Alicyclobacillus hesperidum

Scientific classification
- Domain: Bacteria
- Kingdom: Bacillati
- Phylum: Bacillota
- Class: Bacilli
- Order: Bacillales
- Family: Alicyclobacillaceae
- Genus: Alicyclobacillus
- Species: A. hesperidum
- Binomial name: Alicyclobacillus hesperidum Albuquerque et al. 2000

= Alicyclobacillus hesperidum =

- Genus: Alicyclobacillus
- Species: hesperidum
- Authority: Albuquerque et al. 2000

Species of bacterium

Alicyclobacillus hesperidum is a species of Gram positive, strictly aerobic, bacterium. The bacteria are acidophilic and produced endospores. It was first isolated from solfataric soils in the Furnas, the Azores.

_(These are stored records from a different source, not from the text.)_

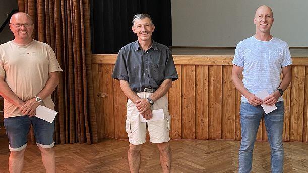 Für 25-jährige Betriebszugehörigkeit und den damit verbundenen kompetenten Einsatz wurden geehrt: Michael Raab (Staatlich geprüfter Bautechniker/Prokurist), Thomas Wehner (Dachdecker) und Sascha Eckert (Zimmermann).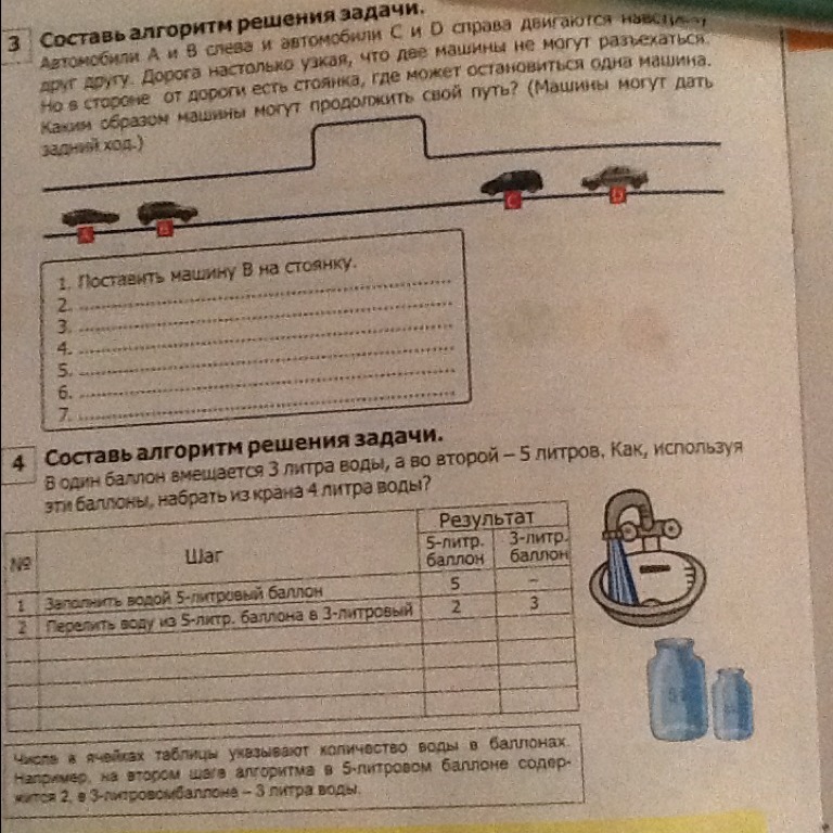 Получается в 5-тилитровом нет воды, в 3-хлитровом 2 литра.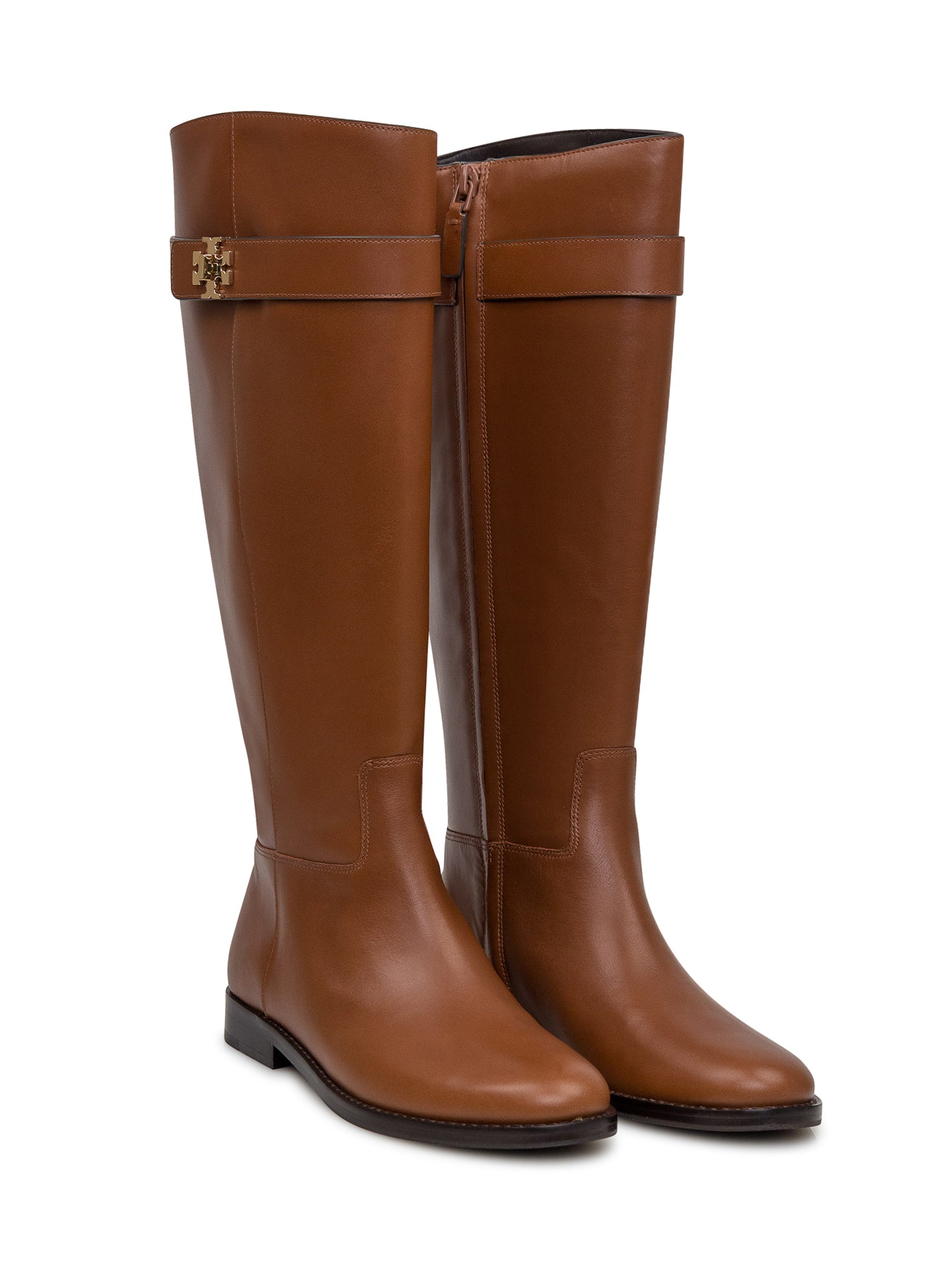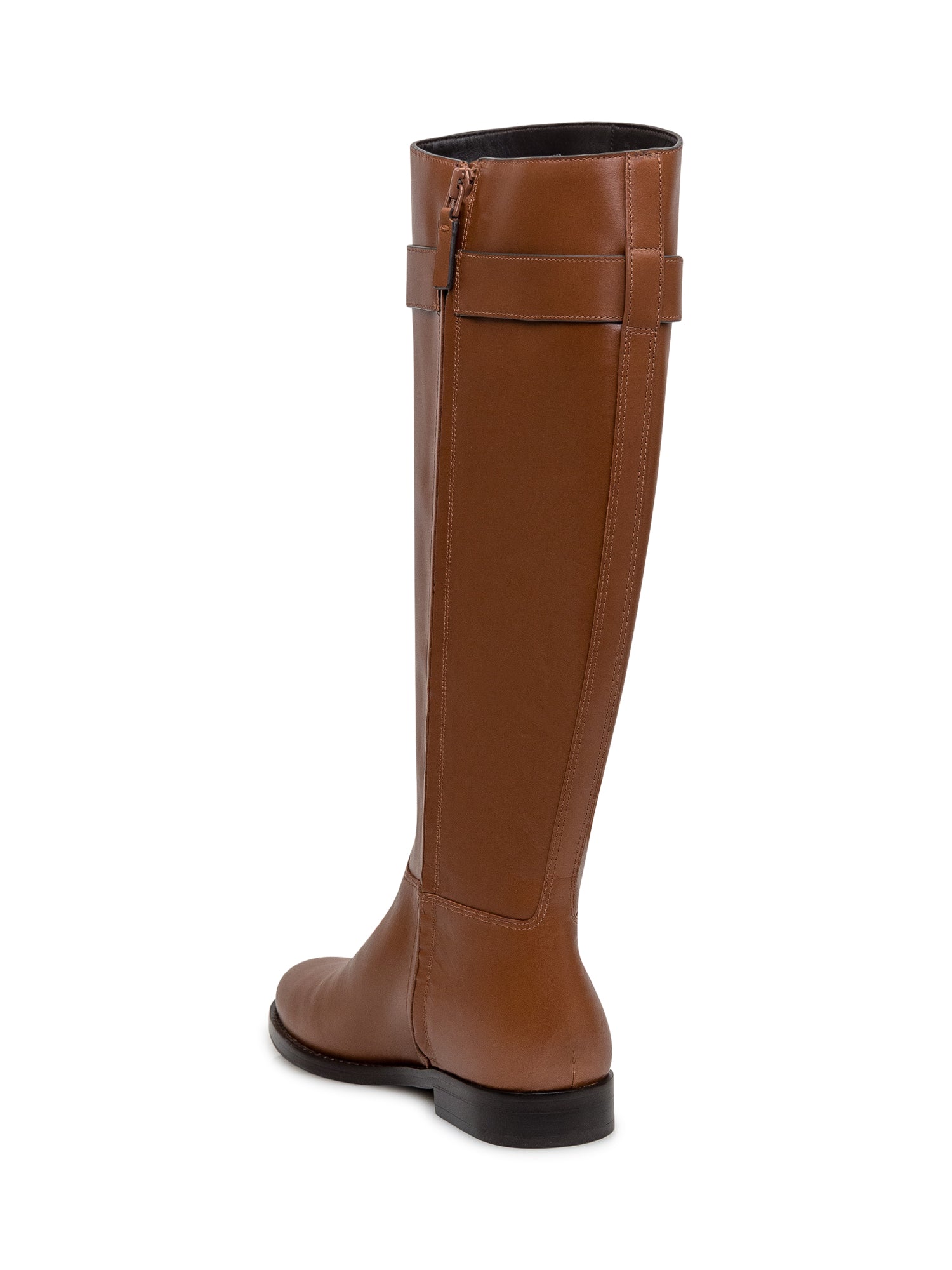 Stivale alto nero in pelle. Punta arrotondata. Chiusura con zip all'interno. Logo T Lock sulla fibbia.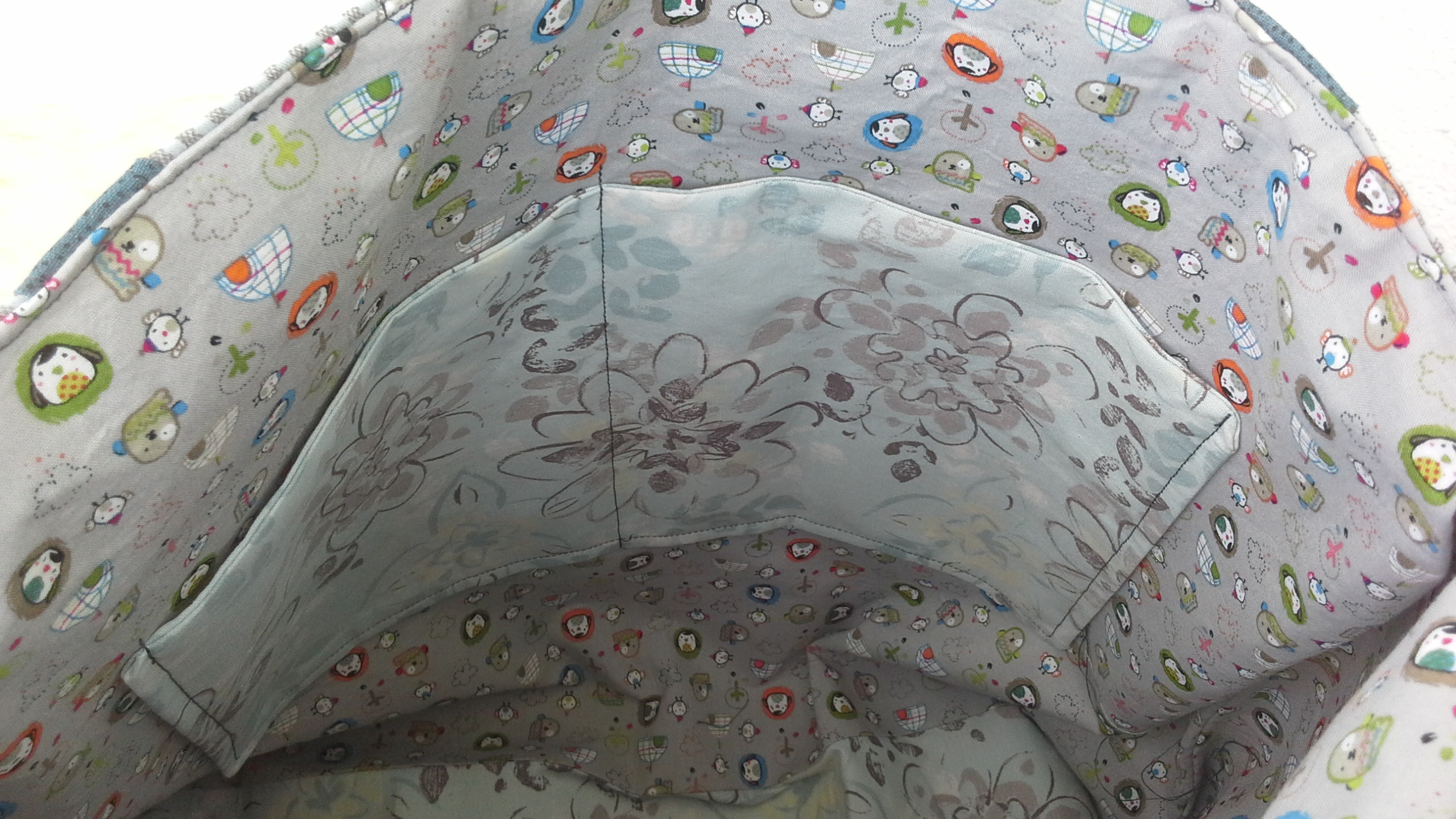 Μέσα έβαλα σε κάθε πλευρά από δυο τσέπες και μετάνιωσα που δεν αυτοσχεδίασα να βάλω και μια εξωτερική τσέπη με φερμουάρ στην πίσω πλευρά. Δεν πειράζει. Στην επόμενη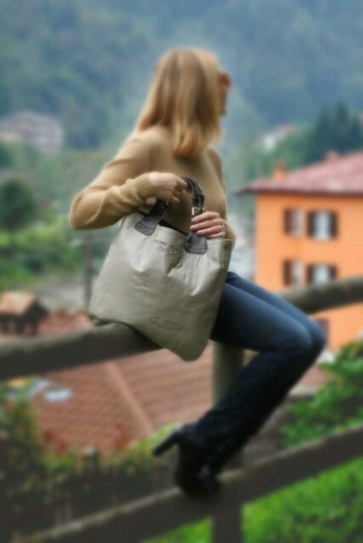 Severe Gusts Italy, Borsa Borsello grigio con manici e tracolla pelle nero opaco. Con tracolla removibile e borsello interno estraibile. Personalizzabile con nome o con altra scritta a vostro piacere.
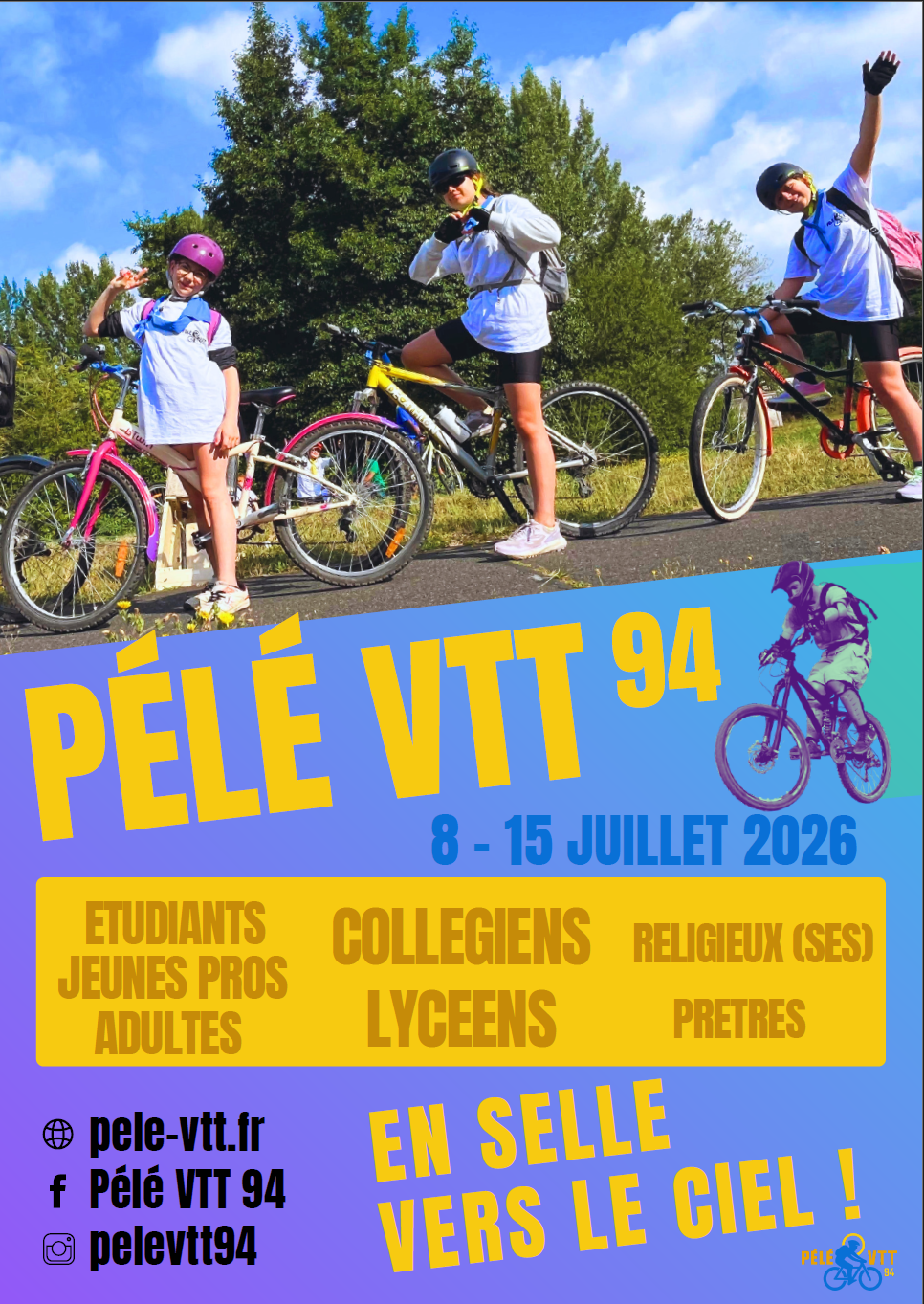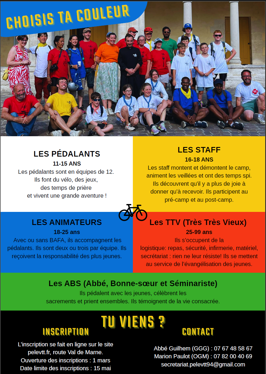 Pendant 5 jours, des collégiens pédalants, accompagnés de lycéens, étudiants, adultes, prêtres et religieux, vivront une aventure sportive et spirituelle unique, de Chartres (départ possible de Paris) à Saint-Maur (Notre-Dame des Miracles).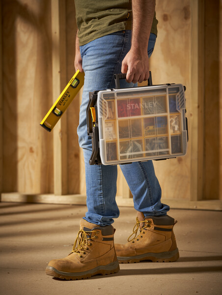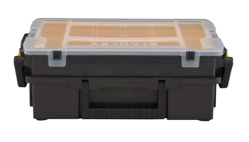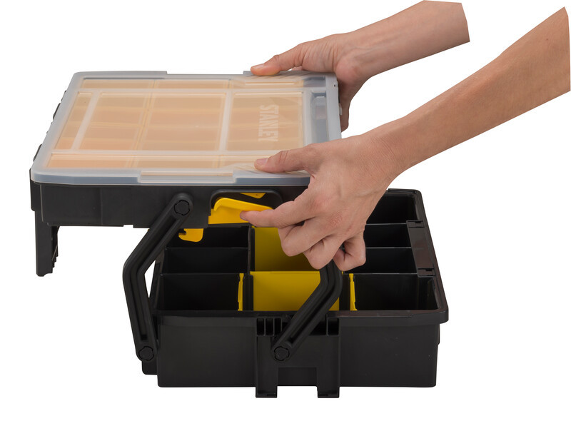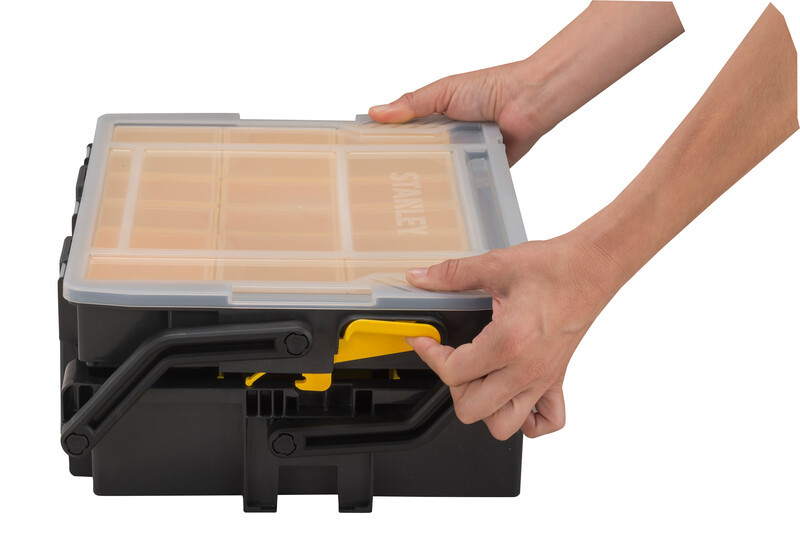 A STANLEY® SORTMASTER® többszintes szortimenter 2 tárolószinttel rendelkezik a kis alkatrészek, alkatrészek és kisebb szerszámok rendszerezéséhez. A felső szinten 16 kivehető rekesz található a kis alkatrészek rendszerezéséhez, míg az alsó szinten kivehető elválasztók találhatók, amelyek szintén lehetővé teszik a kisebb szerszámok tárolását. Az átlátszó fedél teljes rálátást biztosít a tartalomra, és úgy van kialakítva, hogy az elválasztókhoz illeszkedjen, megakadályozva a tartalom kiömlését és más rekeszekbe való keveredését. A hasonló STANLEY® SORTMASTER® szortimenterek összecsatolhatók, és a texturált fogantyúval hordozhatók.

The species was first described in 2000, and the name refers to the Hesperides, "mythological figures whom the Greeks believed to have lived at the Western edge of the Earth in a miraculous garden, which [the researchers] interpret as the Azores."

The optimum growth temperature for A. hesperidum is 50-53 °C, and can grow in the 35-60 °C range. The optimum pH is 3.5-4.0, and can grow in pH 2.5-5.5.